**EXERCISE INSTRUCTIONS:**
This exercise asks for an exact copy of every entry below, with pictures omitted.

#### DATA TO USE

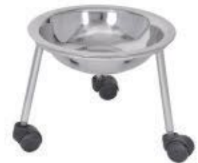
GK 4013 KICK BUCKET
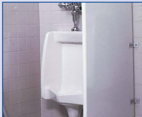
Urinals and toilets
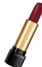
MYER LANCÔME L'ABSOLU ROUGE LIPSTICK $32
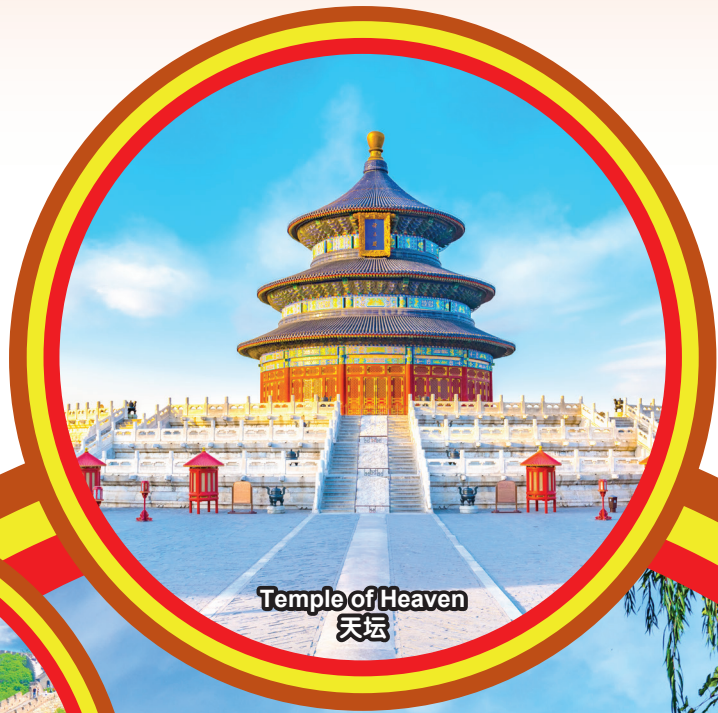
Temple of Heaven 天坛
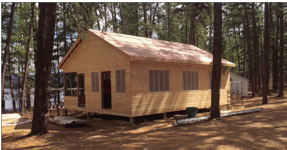
New Big A
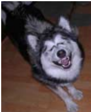
You are sho funny!
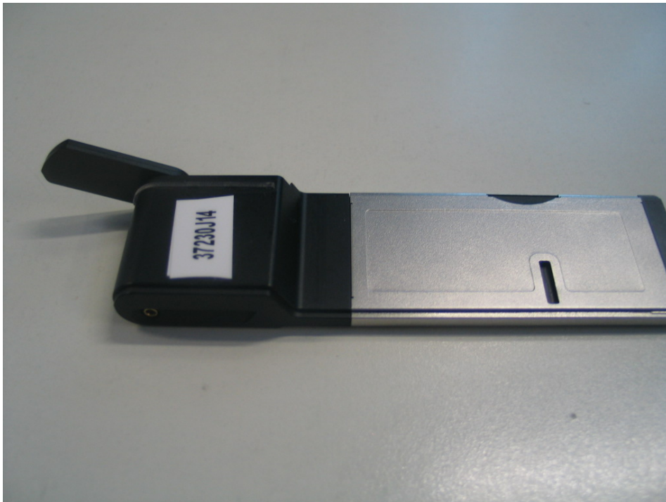
Photo 6: GSM/UMTS ExpressCard (auxiliary equipment, the photo shows an identical sample which was not used for the tests)
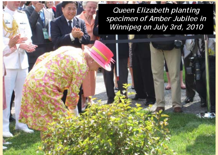
Queen Elizabeth planting specimen of Amber Jubilee in Winnipeg on July 3rd, 2010

########

**EXERCISE RESPONSE:**
GK 4013 KICK BUCKET
Urinals and toilets
MYER LANCÔME L'ABSOLU ROUGE LIPSTICK $32
Temple of Heaven 天坛
New Big A
You are sho funny!
Photo 6: GSM/UMTS ExpressCard (auxiliary equipment, the photo shows an identical sample which was not used for the tests)
Queen Elizabeth planting specimen of Amber Jubilee in Winnipeg on July 3rd, 2010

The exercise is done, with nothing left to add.